> **RAW DATA**
Segment Open
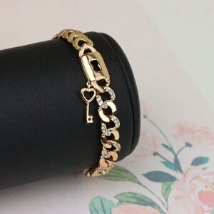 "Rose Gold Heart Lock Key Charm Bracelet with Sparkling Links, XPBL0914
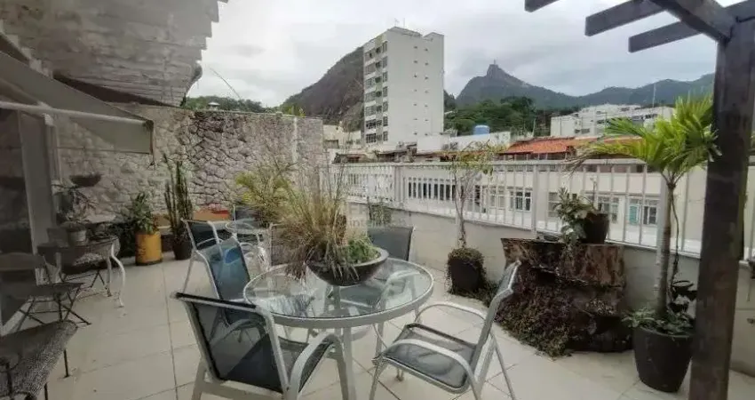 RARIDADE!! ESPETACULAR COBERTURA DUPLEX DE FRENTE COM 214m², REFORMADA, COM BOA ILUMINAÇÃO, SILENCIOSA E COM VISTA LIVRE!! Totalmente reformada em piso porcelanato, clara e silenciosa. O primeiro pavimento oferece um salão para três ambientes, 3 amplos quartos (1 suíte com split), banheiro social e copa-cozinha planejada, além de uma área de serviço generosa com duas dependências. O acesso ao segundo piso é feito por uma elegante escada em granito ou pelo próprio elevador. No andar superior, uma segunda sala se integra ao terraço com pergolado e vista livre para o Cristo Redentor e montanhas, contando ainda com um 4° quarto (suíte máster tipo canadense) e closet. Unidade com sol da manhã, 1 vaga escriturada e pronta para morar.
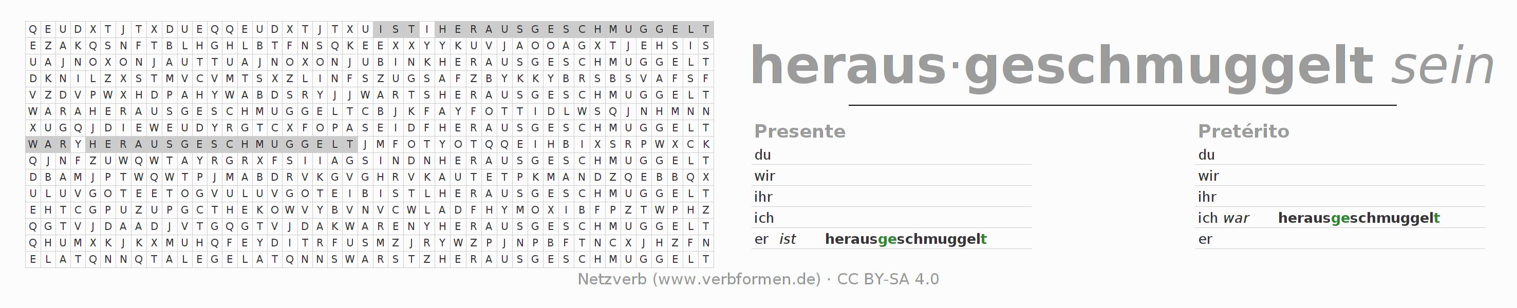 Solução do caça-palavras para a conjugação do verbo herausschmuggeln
Segment Closed
> **EXERCISE OBJECTIVE**
Give back exactly the lines from the line with "RARIDADE!! ESPETACULAR COBERTURA" through the end of the material above, and omit every picture.

> **SOLVED PROBLEM**
 RARIDADE!! ESPETACULAR COBERTURA DUPLEX DE FRENTE COM 214m², REFORMADA, COM BOA ILUMINAÇÃO, SILENCIOSA E COM VISTA LIVRE!! Totalmente reformada em piso porcelanato, clara e silenciosa. O primeiro pavimento oferece um salão para três ambientes, 3 amplos quartos (1 suíte com split), banheiro social e copa-cozinha planejada, além de uma área de serviço generosa com duas dependências. O acesso ao segundo piso é feito por uma elegante escada em granito ou pelo próprio elevador. No andar superior, uma segunda sala se integra ao terraço com pergolado e vista livre para o Cristo Redentor e montanhas, contando ainda com um 4° quarto (suíte máster tipo canadense) e closet. Unidade com sol da manhã, 1 vaga escriturada e pronta para morar.
 Solução do caça-palavras para a conjugação do verbo herausschmuggeln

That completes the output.